Ans Docu 140

CLICK HERE TO DOWNLOAD THIS ANSWER INSTANTLY

1.
Which of the following is the fundamental accounting equation?
Current assets + Current liabilities = Owners’ equity
Assets + Owners’ equity = Liabilities
Cash = Debts + Common stock
Assets = Liabilities + Owners’ equity
2.
On December 31, 2004, Track Record Inc.’s sales people have firm outstanding orders totaling $1.66 million, which, it has guaranteed its customers, will be fulfilled during the month of January 2005.
If Track Record includes the $1.66 million in its sales figures for 2004, it will be violating the:
Materiality concept
Historical cost concept
Dual-aspect concept
Realization concept
3.
Which one of the following best describes a balance sheet?
A description of the entity’s operations over a period of time
A snapshot at a point in time of an entity’s assets, liabilities and owners’ equity
A reconciliation of an entity’s bank account balance
A description of the company’s cash flows over a period of time
4.
To be recorded as an asset, an item must meet four specific conditions.
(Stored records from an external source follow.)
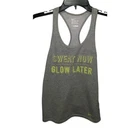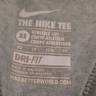 The Nike Tee Activewear Tank Top Size XS. The tank top is 60% Cotton and 40% Polyester. Machine washable. Sleeveless. Racerback. Multicolored. The primary color of the tank top is gray. Soft. Stretchy. Smooth feeling. Lightweight. The tank top shows signs of normal wear and some of the lettering is cracking. Please see pictures for more details. With the garment laying flat, the measurements are as follows: armpit to armpit is 14 1/2 inches and from back of the neck to bottom of the tank top is 22 inches. Preowned but in fair condition.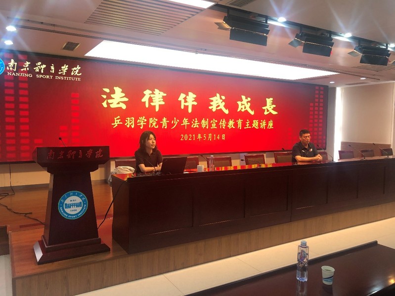 为配合学校开展的“青少年法律宣传教育周”活动,增强青少年运动员的法制观念和安全意识,养成“学法、懂法、守法”的法治意识,守护校园安全,5月14日晚,乒羽学院特邀玄武区人民法院刑事庭孙艺飞法官,为青少年运动员举办了一场主题为“法律伴我成长”的法制教育讲座,乒羽学院部分管理干部和14周岁以上的运动员参加了讲座。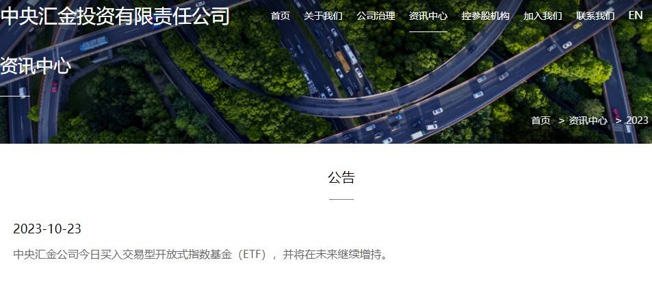 10月23日,汇金公告称,“中央汇金公司今日买入交易型开放式指数基金(ETF),并将在未来继续增持。”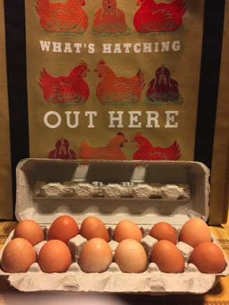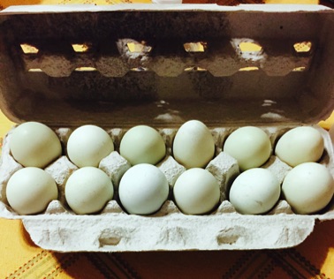 Our chickens produce white eggs and brown eggs.... even blue and green eggs, naturally.
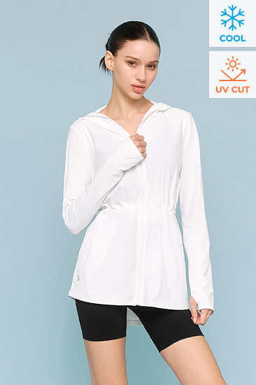 XTFGJ14J3 Corduroy Hood Zip up Ivory Top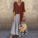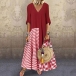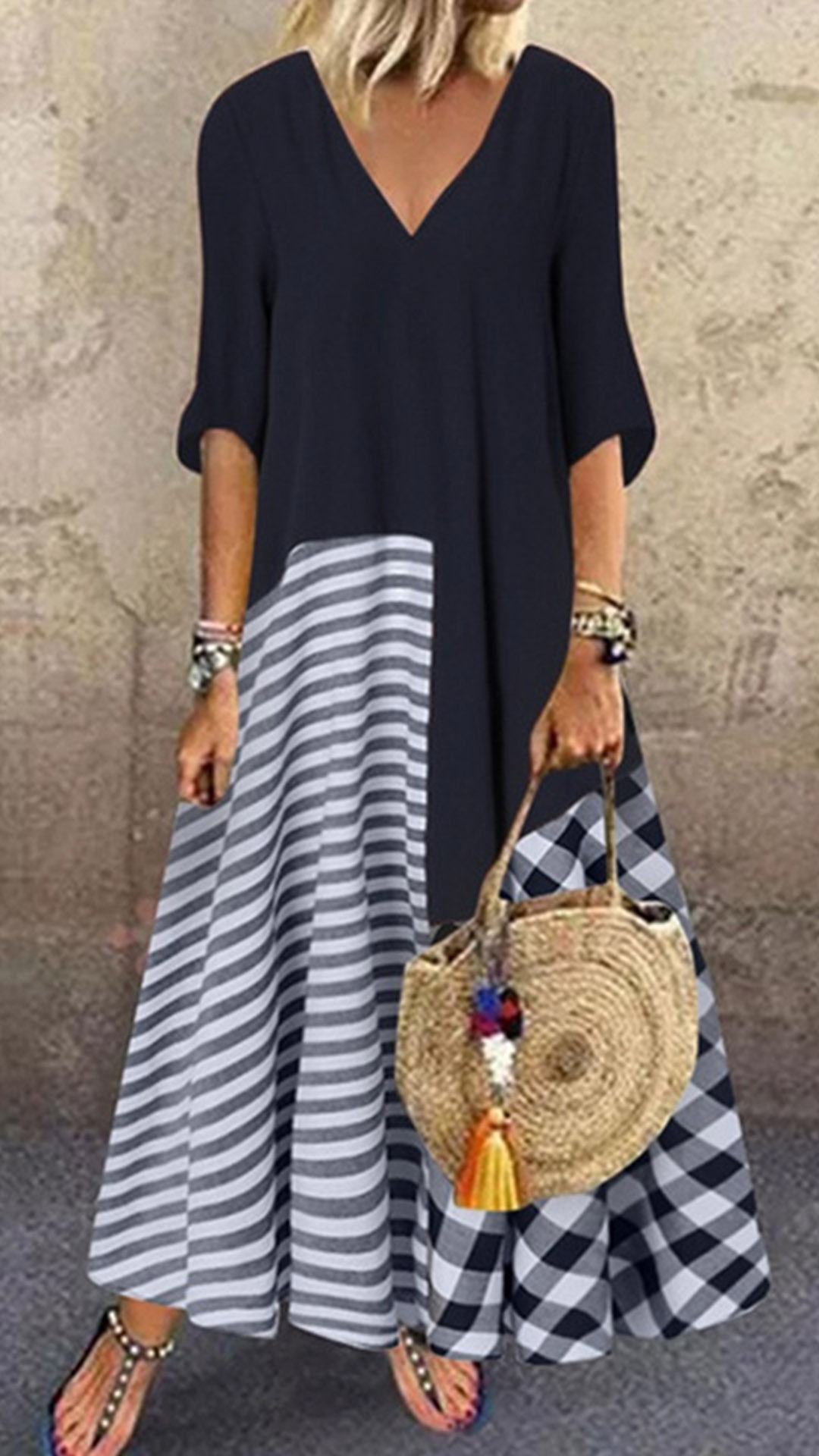 Casual V-neck Elbow Sleeve Contrast Color Plaid Stripe Printed Maxi Dress
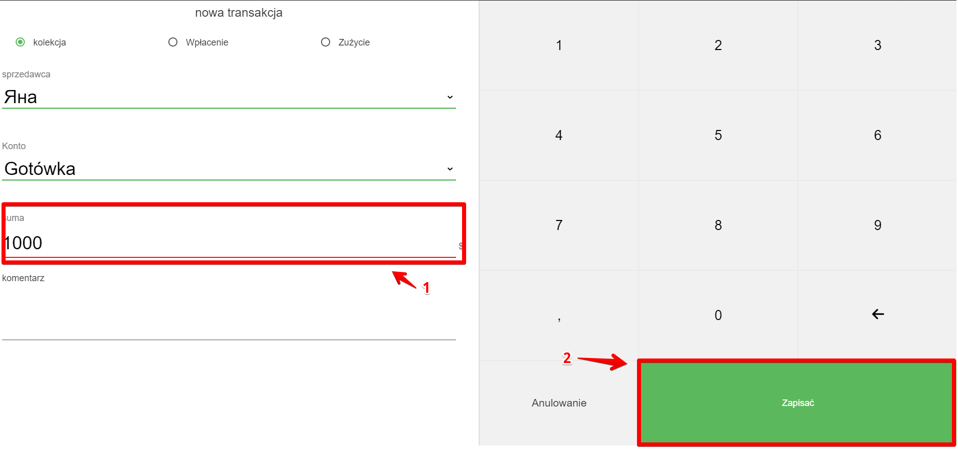 - Wprowadź żądaną kwotę gotówki i kliknij Zapisać
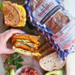Add 2 slices of cheddar, ½ avocado, 3 slices of bacon in the centre of one slice of bread. Carefully fold over the other slice of bread to form a sandwich. Let sit for 2-3 minutes until cheese is melted.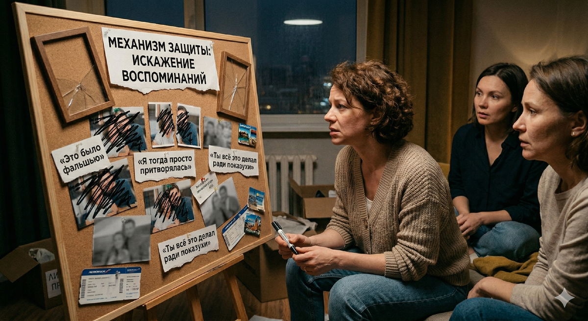 Развод — это не только юридический процесс раздела имущества, но и радикальный пересмотр общего прошлого. Часто мужчина с изумлением обнаруживает, что годы, которые он считал стабильными и счастливыми, в устах бывшей супруги превращаются в «беспросветный период подавления». Этот феномен в психологии часто называют ретроспективным обесцениванием. Чтобы оправдать текущую агрессию, отчуждение ребенка или жесткие требования в суде, человеку необходимо создать фундамент из «прошлых ужасов», даже если они конструируются прямо сейчас, задним числом. 1. Механизм «Черного фильтра» и эмоциональный ревизионизм Когда отношения заканчиваются болезненно, психика включает защитный механизм: она стирает или искажает позитивные воспоминания. Общие праздники, поддержка в трудные времена, совместные путешествия — всё это обесценивается фразами: «Это было фальшью», «Я тогда просто притворялась» или «Ты всё это делал ради показухи». • Зачем это нужно: Это способ снять с себя ответственность за разрушение с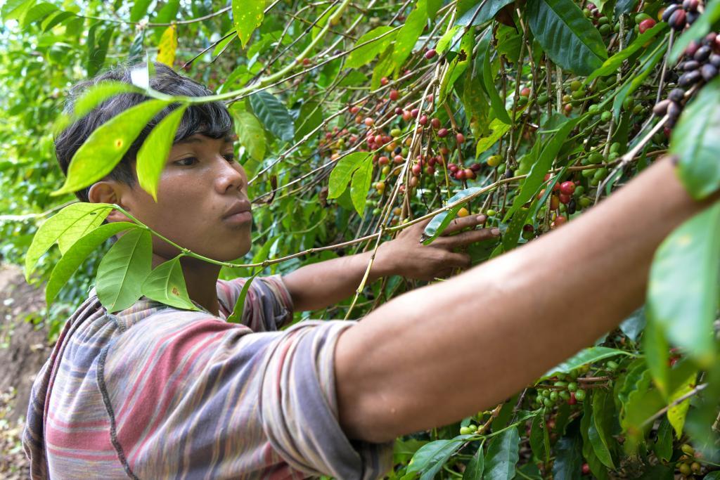 2月19日,在位于巴拿馬奇里基省博克特地區(qū)的彼德松家族莊園內(nèi),一名工人在采摘咖啡豆。新華社記者陳昊佺攝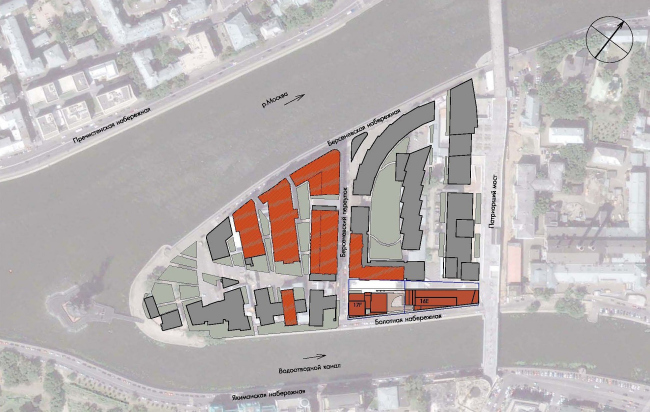 Закрытый архитектурный конкурс на проект жилого комплекса на Болотной набережной в начале этого года провела компания «ГУТА-Девелопмент», основной застройщик территории фабрики «Красный Октябрь». К участию в нем были приглашены 6 архитектурных бюро: мастерская №8 «Моспроекта-2», SPEECH Чобан/Кузнецов, «Сергей Скуратов Architects» (о проекте которого мы уже рассказывали), «Проект Меганом», ТПО «Резерв» и ООО «Архитектурная мастерская «Сергей Киселев и Партнеры». Предметом конкурсного проектирования стали участки 16 E и 17 F, расположенные на месте бывшего холодильного цеха кондитерской фабрики. Это последнее перед Патриаршим мостом здание, ориентированное вдоль набережной. По замыслу девелоперов, на его месте должны появиться два жилых дома, объединенные внутренним двором и общей инфраструктурой.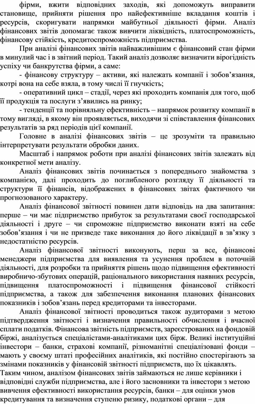 При аналізі фінансових звітів найважливішим є фінансовий стан фірми в минулий час і в звітний період. Такий аналіз дозволяє визначити вірогідність успіху чи банкрутства фірми, а саме: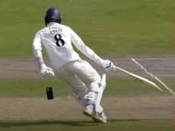 انگلش کاؤنٹی چیمپئن شپ میں رن بنانے کیلیے وکٹوں کے درمیان دوڑتے ہوئے لنکاشائر کے کرکٹر کا موبائل فون گرگیا۔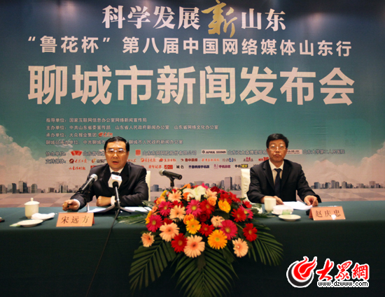 聊城市委書記、市人大常委會主任宋遠方出席科學發(fā)展新山東——“魯花杯”第八屆中國網(wǎng)絡(luò)媒體山東行聊城市新聞發(fā)布會。(盛堃 攝影)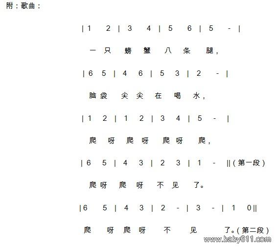 一只螃蟹八条腿,(一字一拍,四指曲张四次)脑袋尖尖在喝水,(两字一拍,两拇指"点"头四次)爬呀爬呀爬呀爬,(两字一拍,双手向左爬四次)爬呀爬呀不见了。(第一段音乐两字一拍,双手向右爬两次,然后双手藏在背后。第二段音乐两字一拍,双手向右爬两次,不见-双手向前一摊,了-立即把手藏在背后。)双手靠拢:两拇指做脑袋,两手的四指做螃蟹的八条腿。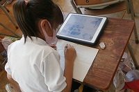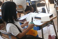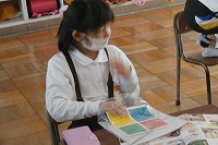 2年生が図工で、ステンドグラスのようにカラフルに光をすかして輝く作品を作ります。まずはデザインを決めて、赤青黄緑の接着剤付きセロハンを切りぬき、透明なプラスチックの板に貼りつけていきます。
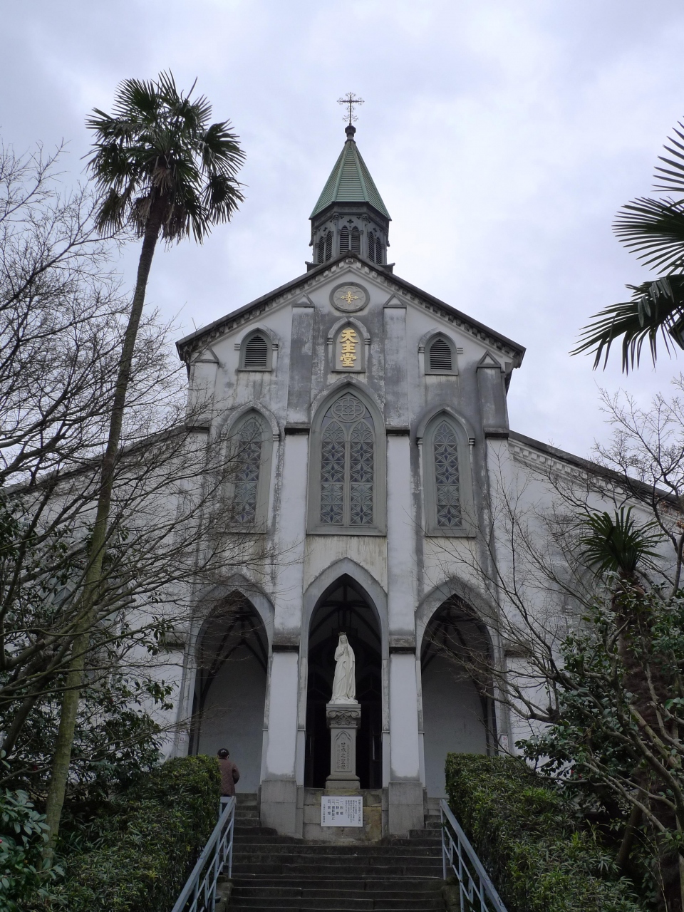 長崎を代表する場所の一つで、修学旅行の定番ですが、大人になってからもう一度訪れると、当時とは違った見方が出来て発見があったり良さを再確認できますね。フランスのゴシック様式の教会は基本的に石造りですが、こちらの天井や柱は木造で、当時建築に携わった方々の技量の凄さが伝わりました。ステンドグラスもきれいでした。心が洗われるような空間でした。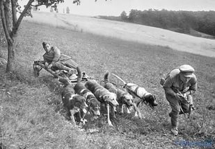 — ездовые собаки, которые на небольших телегах подвозили боеприпасы и увозили на них же раненных солдат. За годы войны ими было вывезено с линии огня около 700 тысяч раненых и доставлено около 3500 тонн боеприпасов.

Three of them are: it must have been acquired at measurable cost, it must be obtained or controlled by the entity, and it must have been obtained or controlled in a past transaction.
Which one of the following is the fourth condition?
The item must have a measurable resale value
It must be expected to have future economic benefits
It must have been fully paid for
The entity must have a legal document confirming ownership of the item
5.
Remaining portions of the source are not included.